Benedict XVI: A Pope for the Church’s Shepherds

Priests and religious worldwide reflect on the legacy of the late pontiff.

‘Benedict has instilled that culture of tradition,’ said Father Thabang Nkadimeng, a South African-born priest now serving in the U.S. Virgin Islands, in remembrance of the late pope, who he was able to meet.
‘Benedict has instilled that culture of tradition,’ said Father Thabang Nkadimeng, a South African-born priest now serving in the U.S. Virgin Islands, in remembrance of the late pope, who he was able to meet. (photo: Courtesy of Father Thabang Nkadimeng)

Pope Benedict XVI’s unwavering commitment to communicating Church teaching with clarity and pastoral charity has become a source of continued inspiration for many around the world who have dedicated their lives to the priesthood and religious life.

As the Church mourns the passing of Benedict XVI on Dec. 31, the Register spoke with several people who spoke fondly of the late pope on the eve of his funeral Mass Jan. 5 at the Vatican.

Father Harrison Ayre is one of many priests who told the Register how the former pontiff has enriched his vocation and — in some cases — contributed to his decision to pursue a priestly vocation. “The radical and open charity he had, especially to those he disagreed with, has really formed my entire pastoral style,” said Father Ayre, a priest of the Diocese of Victoria, Canada. 

“I have learned so much about his pastoral charity, and so many things he did in the positions God asked of him,” he told the Register in an email. 

“He was a diocesan priest and he knew always that was his first vocation,” Father Ayre, ordained in 2015, said. “There is not one area where I haven’t seen his influence and impact!”

“Benedict XVI truly believed what he taught and proclaimed,” said Father Pietro Rossotti of the Priestly Fraternity of the Missionaries of St.

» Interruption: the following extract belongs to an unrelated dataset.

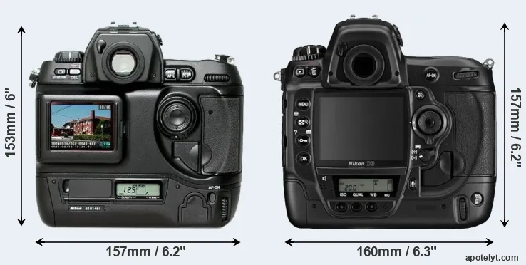 | 4. | Nikon D1 | 157 mm | 153 mm | 85 mm | 1100 g | .. | Y | Jun 1999 | US$ 5 499 | ebay.com | |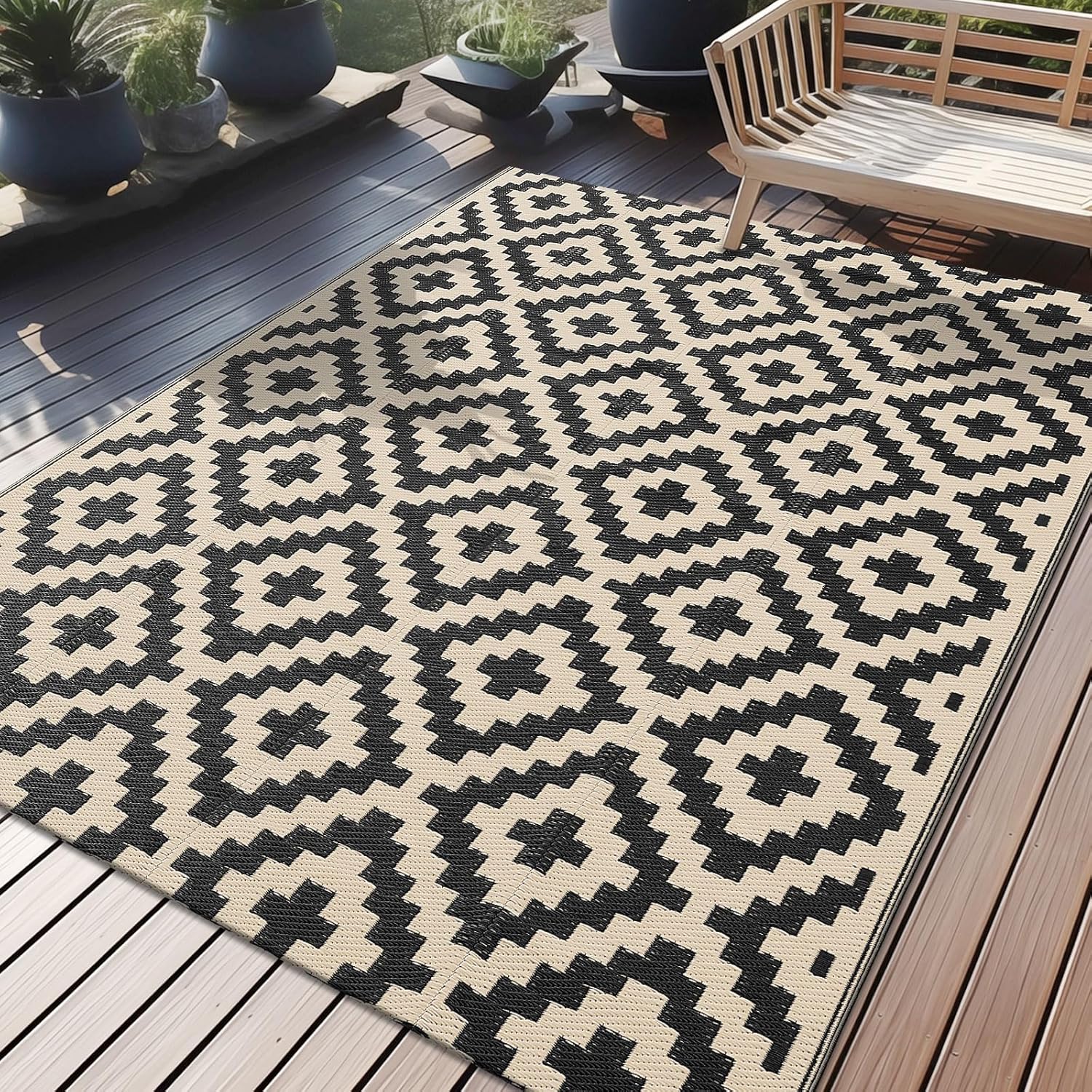 - Reversible & Versatile: Our outdoor Outdoor rug carpet features modern geometric patterns on both sides—simply flip it to switch up your style. Perfect for patios, gardens, beaches, picnics, RV camping, garages, balconies, backyards, and more. Suitable for both indoor and outdoor use, it’s a versatile addition to any space.

Charles Borromeo, editor of Called to Holiness: On Love, Vocation, and Formation, a collection of Benedict’s talks and writings directed at seminarians, priests and religious.

“He, as supreme pontiff and bishop of Rome, understood very well that the bishop is a father and he must make the care of vocations a priority of his ministry,” he told the Register via email.

He “gives the Church — priests and seminarians in particular — a luminous example of a priest close to men and women because he was close to the heart of Christ and the Church,” said Father Rossotti, who is a member of the faculty at St. Paul Seminary in Minnesota. 

Benedict XVI, who was given the title “emeritus” following his resignation from the papal office in February 2013, died at his Vatican residence of the Mater Ecclesiae Monastery at the age of 95. 

“We knew it was coming, we knew he was very ill, we knew he wouldn’t live forever, but still there was always something kind of nice, of knowing that he was still present and offering his prayers,” said Father Paul Scalia, episcopal vicar for clergy for the Diocese of Arlington, Virginia.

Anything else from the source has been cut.